L'agenda anti trumpiana di Mattarella

Claudio Cerasa

Le sventagliate importanti non sono solo su Gaza (cessate il fuoco sì, Palestina riconosciuta no). Sono anche altre. Oms, Onu, Mercosur, cialtropacifismo, anti putinismo, riarmo europeo. Capire il manifesto politico del capo dello stato

La sventagliata che oggi farà più notizia, tra le molte lanciate ieri dal presidente della Repubblica nel corso della cerimonia del Ventaglio, sarà ovviamente quella su Gaza, e le parole del capo dello stato, su questo fronte, non sono mai state così dure. Sergio Mattarella, ieri, di fronte a una platea di giornalisti, ha definito la situazione di Gaza “intollerabile” e “disumana”. Ha ravvisato un’ostinazione “a uccidere indiscriminatamente” quando si spara “su ambulanze e medici e infermieri che recano soccorso a feriti”, quando si prendono a bersaglio “bambini assetati in fila per avere acqua”. E ha poi ricordato, rispetto all’“incredibile” bombardamento della parrocchia della Sacra Famiglia di Gaza, che quando si parla di errori, come da lezione di Seneca e sant’Agostino, bisogna sempre ricordare che “errare humanum est, perseverare diabolicum”. La sventagliata su Gaza, naturalmente, farà notizia, ma anche in questa sventagliata Mattarella, ieri, è riuscito a mostrare una forma di equilibrio speciale, unica in Europa, e nel denunciare la tragedia di Gaza, come è giusto che sia, ha scelto ancora una volta di stare lontano da alcune pericolose tentazioni. Nessuno scellerato riferimento demagogico al genocidio. Nessun riferimento propagandistico alla pulizia etnica. Nessuna tentazione non solo di fare un passo indietro nella lotta contro l’antisemitismo ma anche di inseguire la linea francese e quella inglese chiedendo magari alla politica di compiere un passo per riconoscere la Palestina, una mossa che al di fuori di qualsiasi trattativa, come sa bene Mattarella, altro non sarebbe che un regalo agli estremisti che non vogliono riconoscere lo stato di Israele. La sventagliata su Gaza, la sventagliata a favore della pace, la sventagliata a favore del cessate il fuoco immediato, farà notizia più di ogni altra cosa. Ma nel discorso di ieri del capo dello stato ci sono almeno altre sventagliate poderose che meritano di essere messe a fuoco e che riguardano tutte una volontà esplicita e saggia del presidente della Repubblica: fissare sul terreno di gioco il perimetro giusto per non cadere nelle trappole del trumpismo. E’ a Trump che si riferisce evidentemente Mattarella quando ragiona sul fatto che “molti protagonisti della vita internazionale oggi aspirano a essere temuti più che stimati e ammirati”. 
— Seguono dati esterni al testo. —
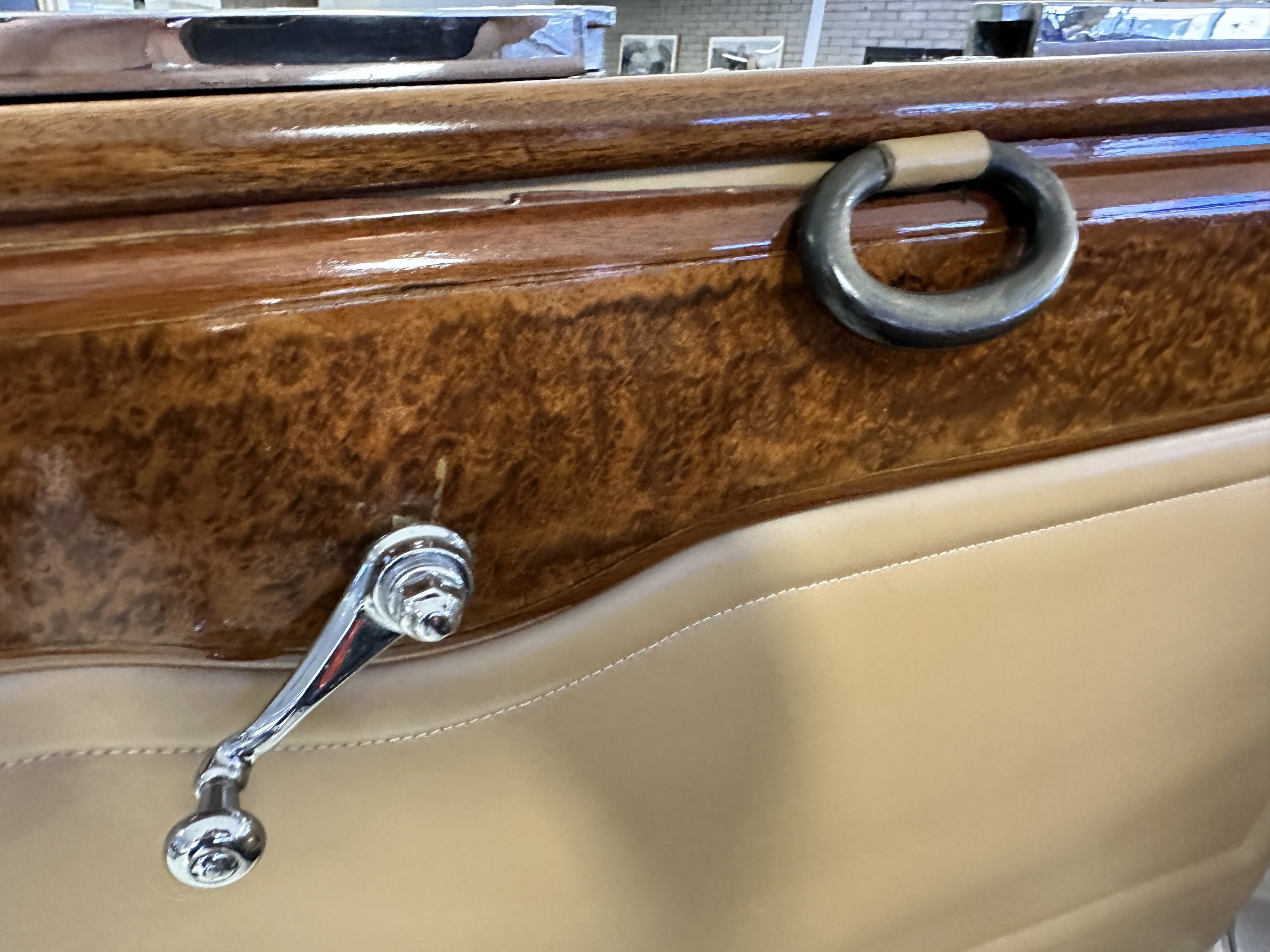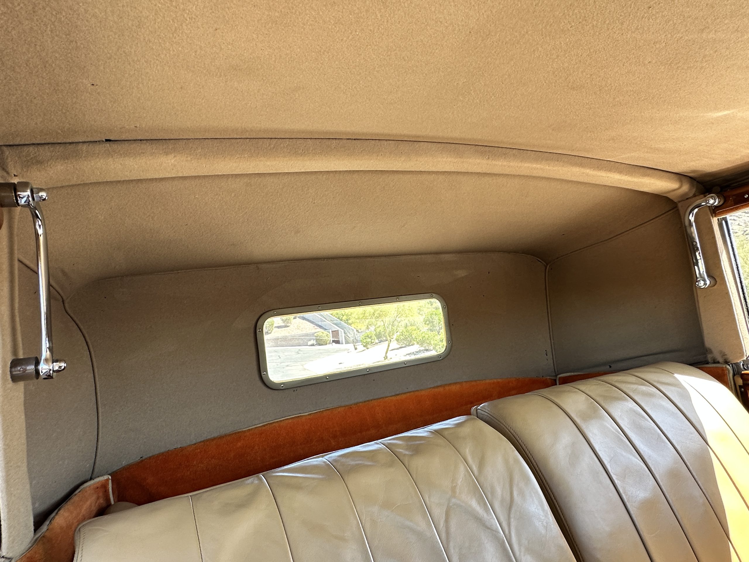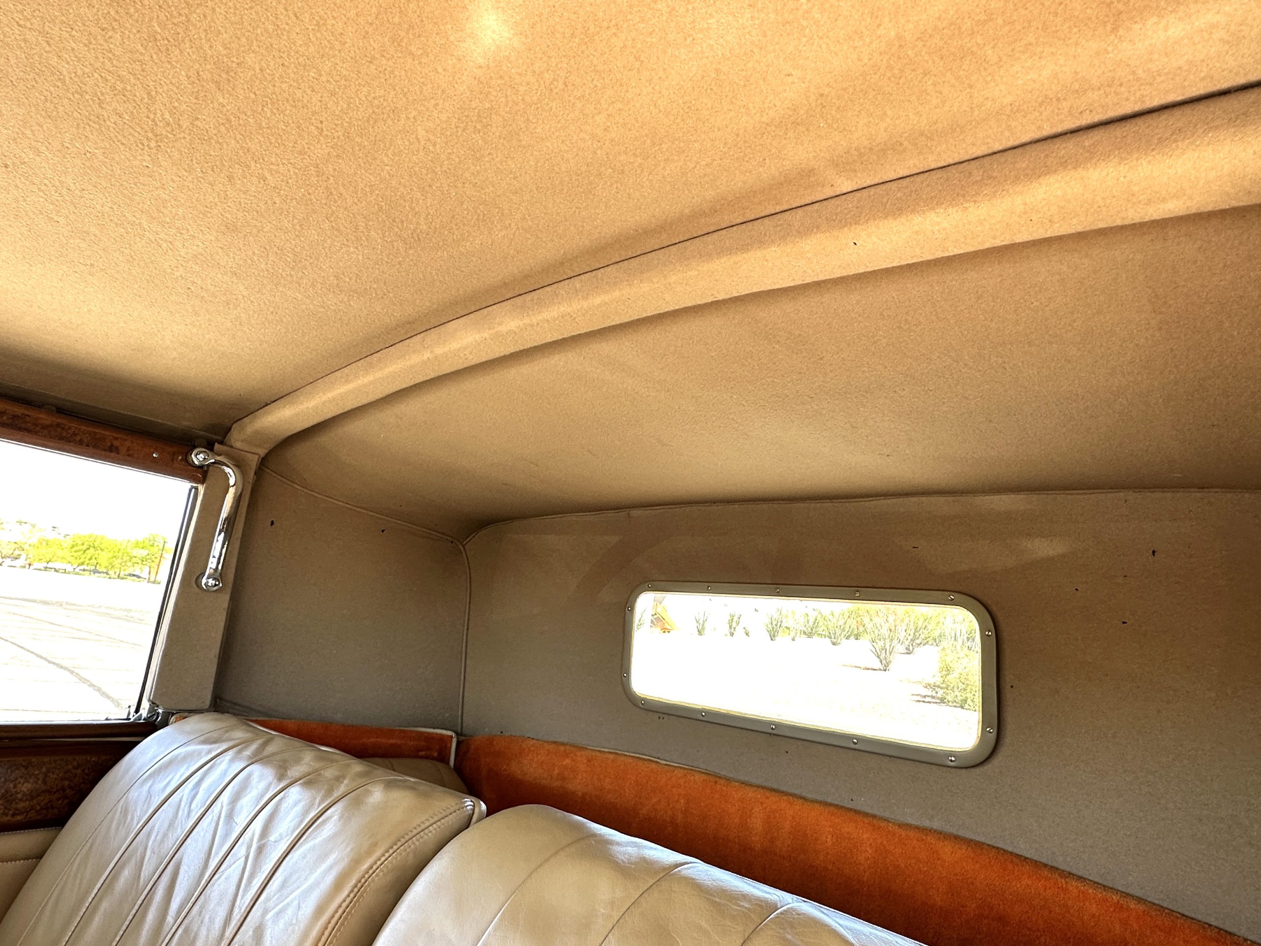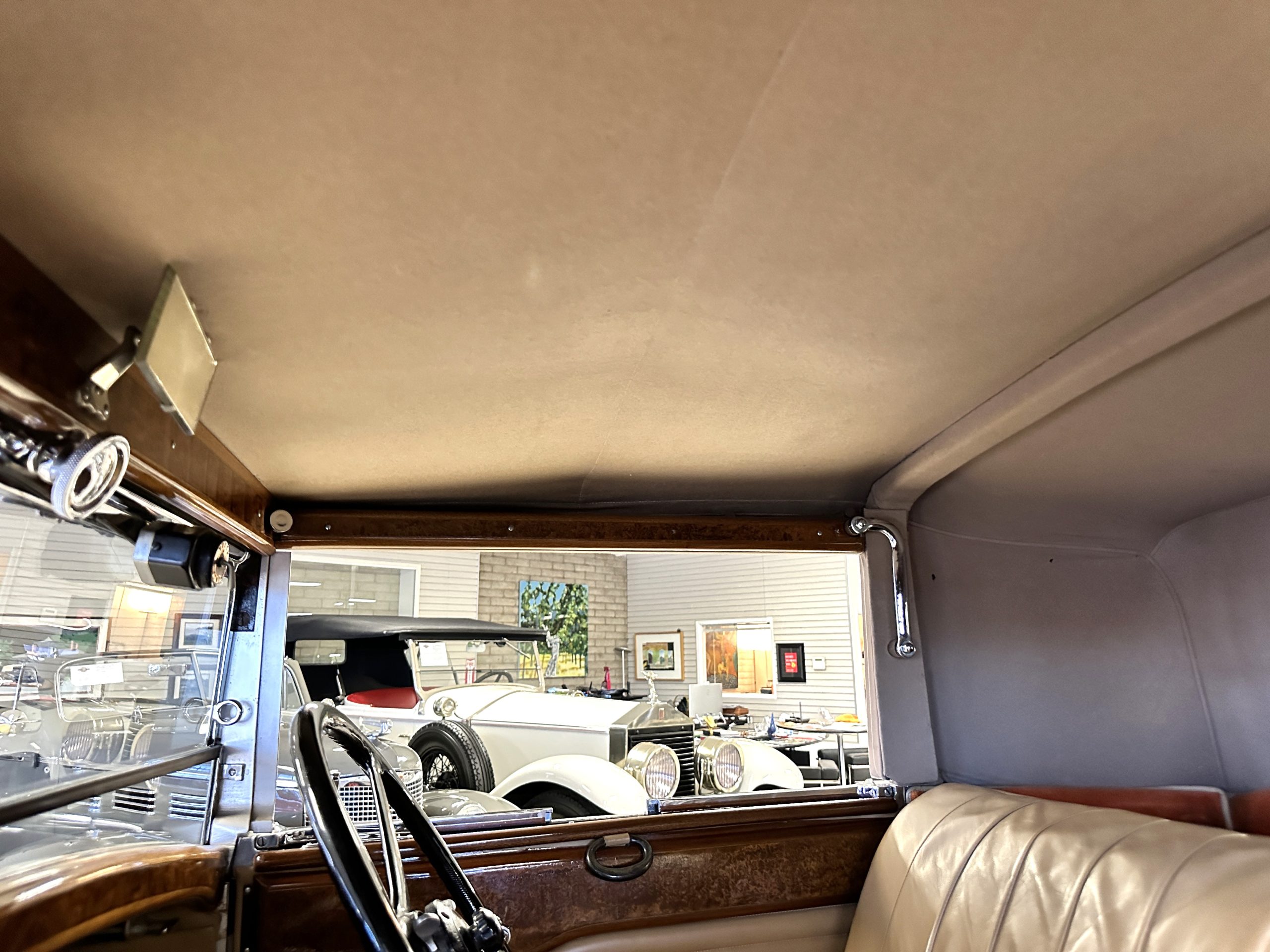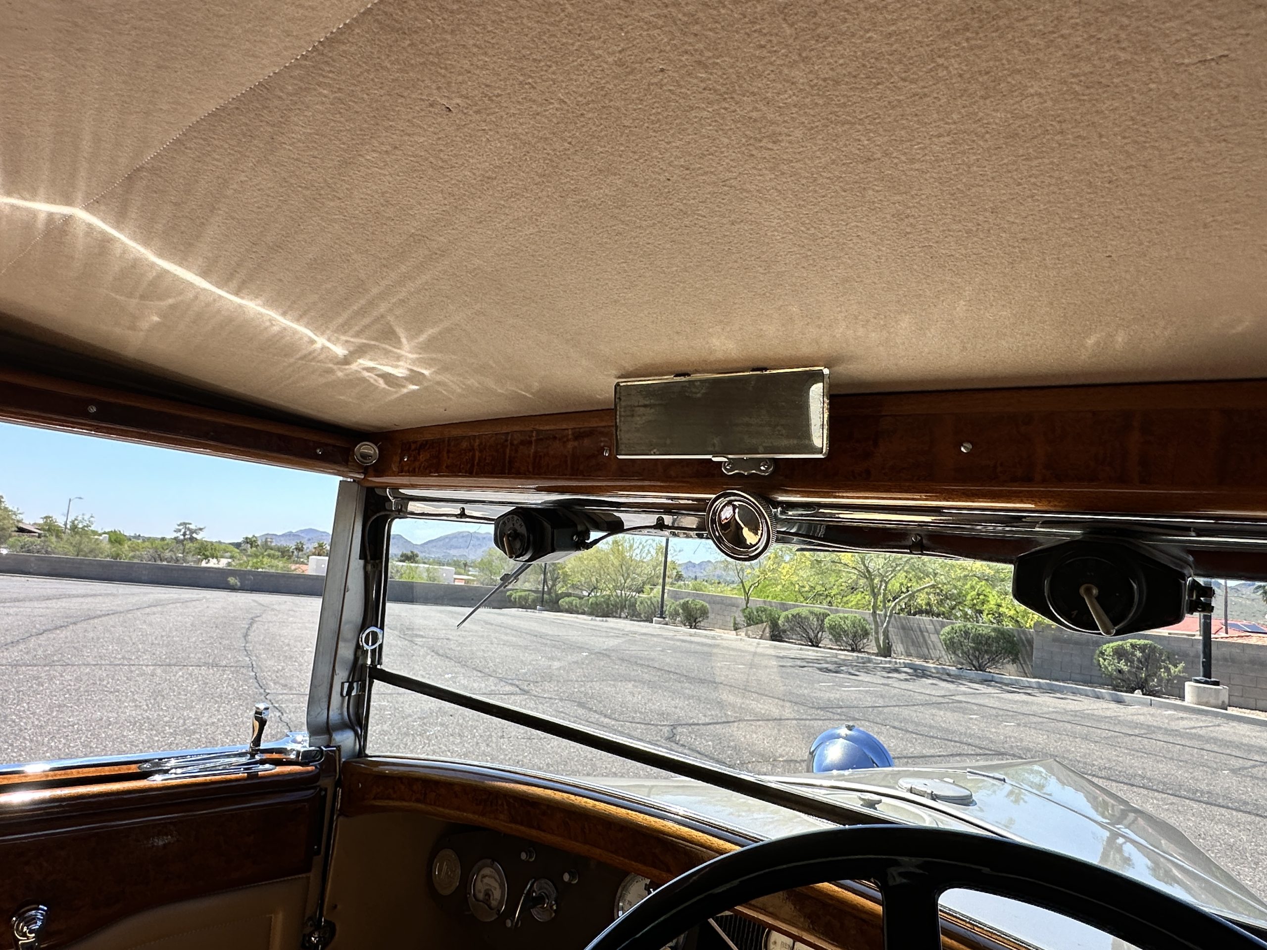 The right-hand-drive cabin houses a pair of bucket seats and a side-facing rear seat trimmed in tan leather while matching upholstery covers the door panels and rumble seat. Gorgeous burl wood surrounds the passenger cabin. Additional features include complimentary orange carpeting, wood door caps, a right-hand gated shifter, roll-up side windows, and a fire extinguisher.

E’ a Trump che si riferisce evidentemente Mattarella, e anche ai suoi follower italiani, quando ricorda che l’Oms, l’Organizzazione mondiale della sanità, “è un punto di riferimento fondamentale per la sicurezza di tutti”, e dirlo oggi dopo la scelta del governo di ritirarsi trumpianamente dall’accordo pandemico globale dell’Oms non è stata certamente una scelta casuale. E’ a Trump che si riferisce evidentemente Mattarella quando ricorda quanto sia rischioso “demolire il ruolo dell’Onu, dei suoi organismi, delle sue agenzie”, con un pensiero naturalmente al taglio indiscriminato del progetto UsAid, fondamentale anche per l’Italia nella gestione e nel controllo dei flussi migratori in Africa. E’ anche a Trump che si riferisce evidentemente Mattarella quando ricorda che “la direzione giusta non può essere quella di tornare indietro, con la scelta di un mondo sempre in perenne conflitto”. E’ ancora a Trump, e ai follower del protezionismo, a cui si è riferito evidentemente Mattarella quando ha ricordato, indirettamente, che il modo migliore per rispondere ai dazi è quello di aprire i mercati, ed è quello di considerare accordi commerciali come il Mercosur, accordi su cui il governo nutre ancora dubbi, come collaborazioni non tossiche ma che producono “interessi comuni e prospettive condivise” e aiutano a “presidiare la pace”. Ed è sempre a Trump, o meglio ai pacifisti irresponsabili che hanno scommesso sul presidente americano per provare ad arrivare a una pace in Ucraina attraverso una resa alla Russia, a cui il capo dello stato evidentemente ieri pensava quando ha ricordato che “l’aggressione della Russia all’Ucraina ha cambiato la storia d’Europa”, quando ha preso per buone le convinzioni dei paesi baltici che temono che “la Russia, dopo quella all’Ucraina, coltivi il proposito di altre, nuove iniziative di aggressione, a scapito della loro sicurezza se non addirittura della indipendenza di alcuni di essi”.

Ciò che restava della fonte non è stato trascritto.